--- Data records Enclosed Below ---

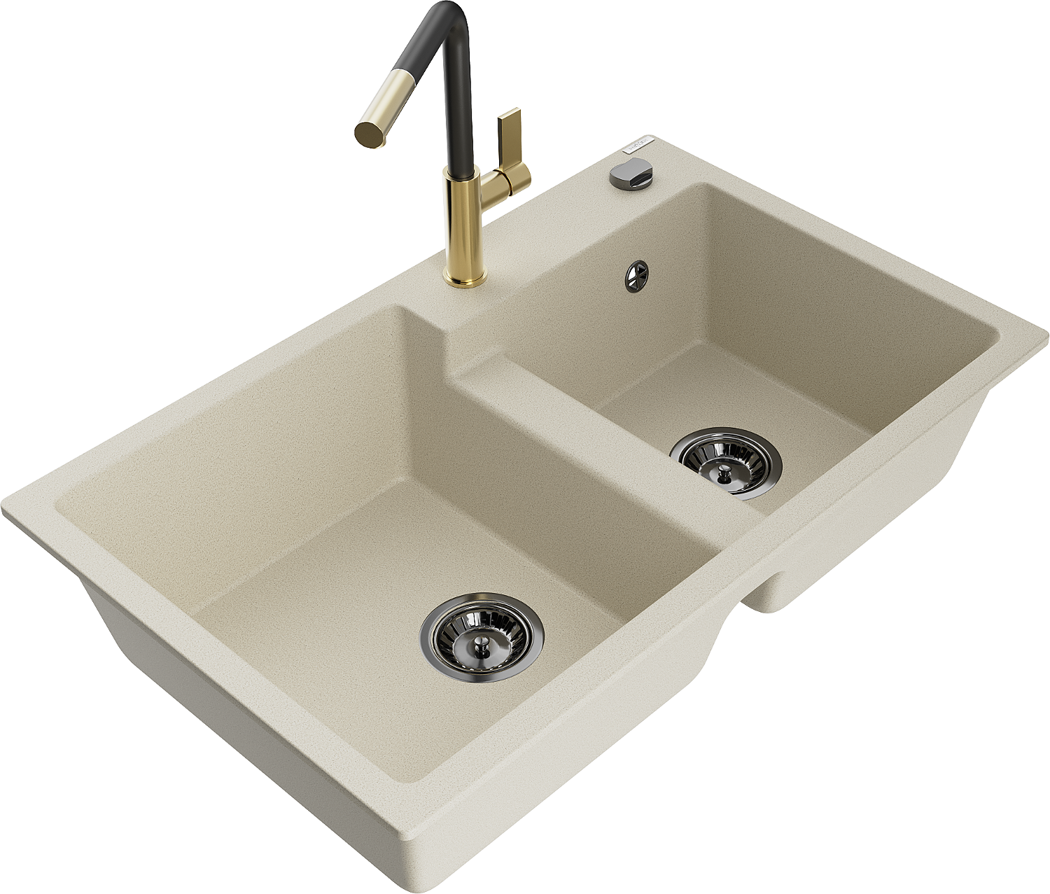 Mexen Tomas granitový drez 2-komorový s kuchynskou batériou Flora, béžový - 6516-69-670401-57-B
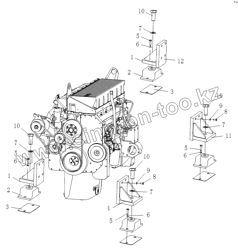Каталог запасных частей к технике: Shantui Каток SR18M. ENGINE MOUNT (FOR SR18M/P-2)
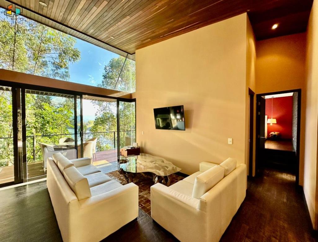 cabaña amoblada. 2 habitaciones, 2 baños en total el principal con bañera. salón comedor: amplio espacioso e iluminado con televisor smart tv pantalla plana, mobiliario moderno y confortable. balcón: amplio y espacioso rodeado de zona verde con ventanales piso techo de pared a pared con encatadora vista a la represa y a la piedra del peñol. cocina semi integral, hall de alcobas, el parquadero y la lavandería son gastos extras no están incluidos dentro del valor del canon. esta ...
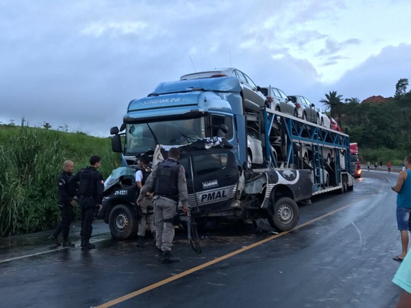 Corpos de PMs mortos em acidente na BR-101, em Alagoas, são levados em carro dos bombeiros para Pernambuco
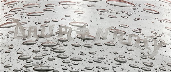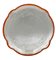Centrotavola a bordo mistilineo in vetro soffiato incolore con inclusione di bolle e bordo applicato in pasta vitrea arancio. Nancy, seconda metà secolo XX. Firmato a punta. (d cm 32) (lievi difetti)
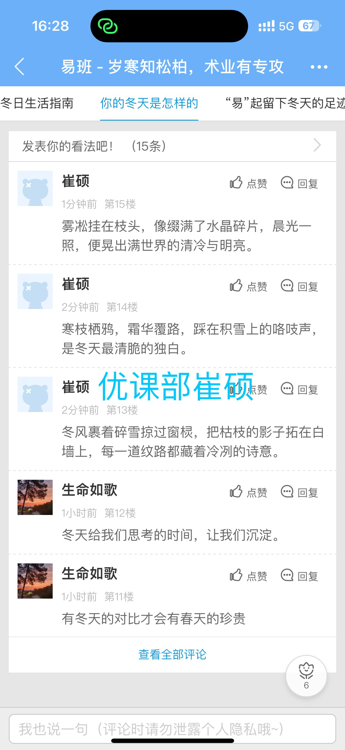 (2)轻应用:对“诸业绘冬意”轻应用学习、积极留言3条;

--- End of Enclosed Data records ---
--- Data records Enclosed Below ---

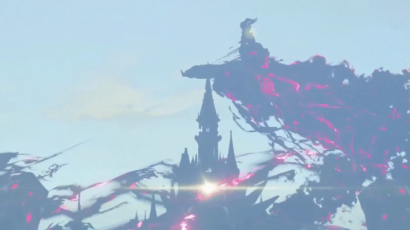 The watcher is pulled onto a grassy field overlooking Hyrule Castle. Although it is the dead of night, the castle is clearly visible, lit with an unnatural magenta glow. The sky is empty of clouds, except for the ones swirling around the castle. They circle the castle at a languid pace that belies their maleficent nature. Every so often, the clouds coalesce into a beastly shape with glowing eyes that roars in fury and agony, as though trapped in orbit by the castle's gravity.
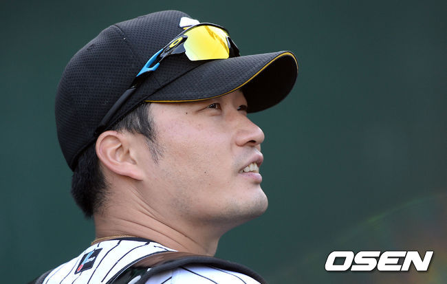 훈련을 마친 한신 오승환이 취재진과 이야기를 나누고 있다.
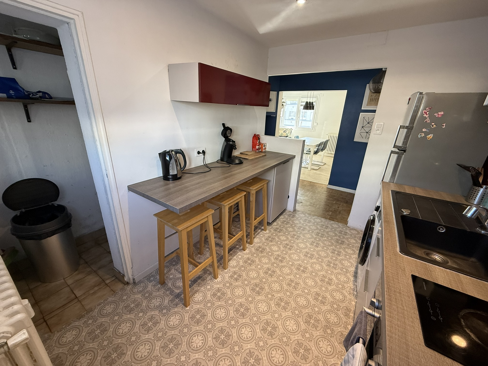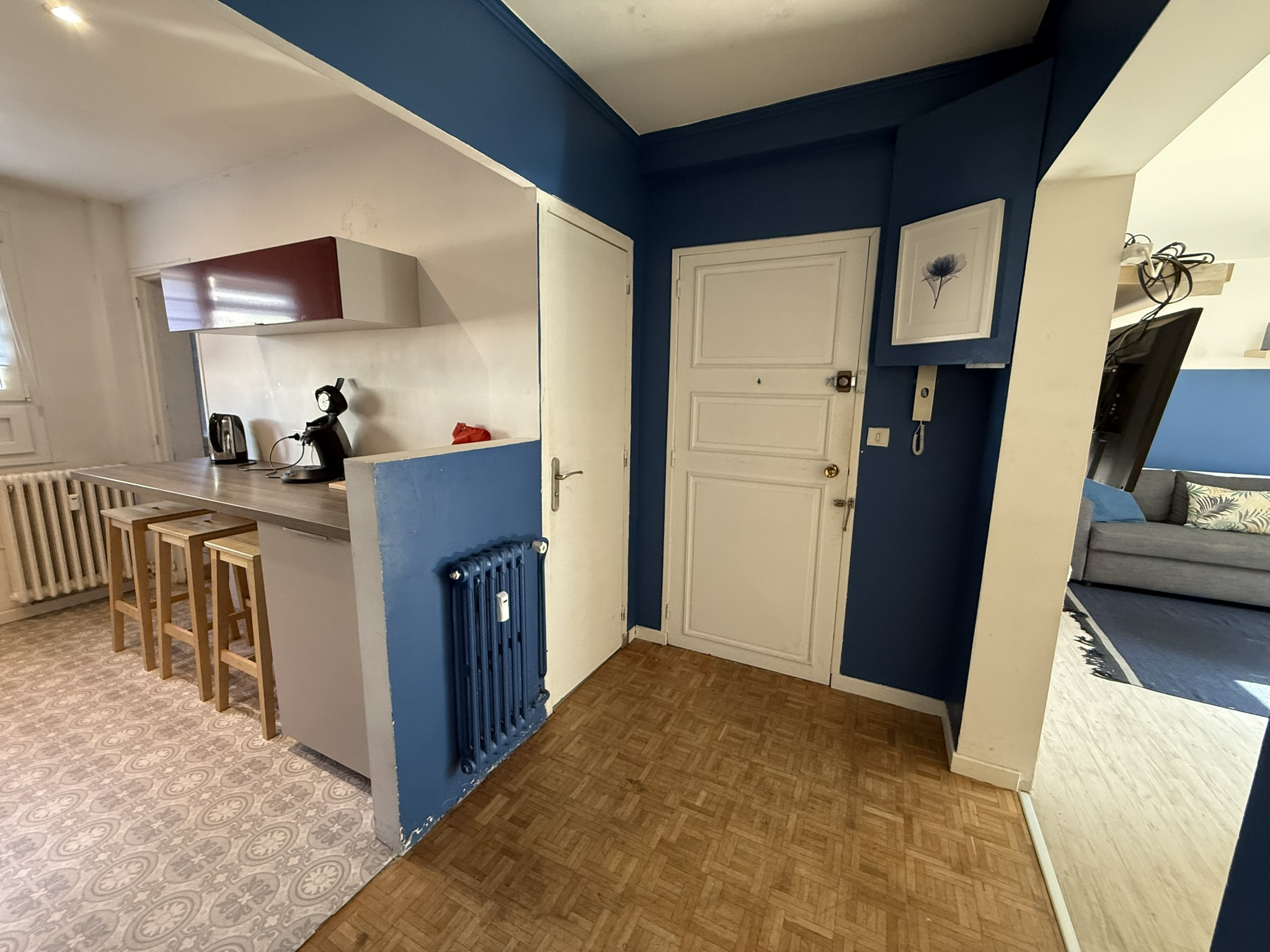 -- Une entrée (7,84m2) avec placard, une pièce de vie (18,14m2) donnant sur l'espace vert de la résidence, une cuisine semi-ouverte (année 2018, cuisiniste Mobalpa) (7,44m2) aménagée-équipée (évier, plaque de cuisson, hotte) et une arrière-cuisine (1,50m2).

--- End of Enclosed Data records ---

Exercise directions
Please copy out from the data above, without any picture, exactly the lines running from the one that holds "Mexen Tomas granitový" through the one that holds "Каталог запасных частей", and nothing beyond them.

Result of this exercise
 Mexen Tomas granitový drez 2-komorový s kuchynskou batériou Flora, béžový - 6516-69-670401-57-B
Каталог запасных частей к технике: Shantui Каток SR18M. ENGINE MOUNT (FOR SR18M/P-2)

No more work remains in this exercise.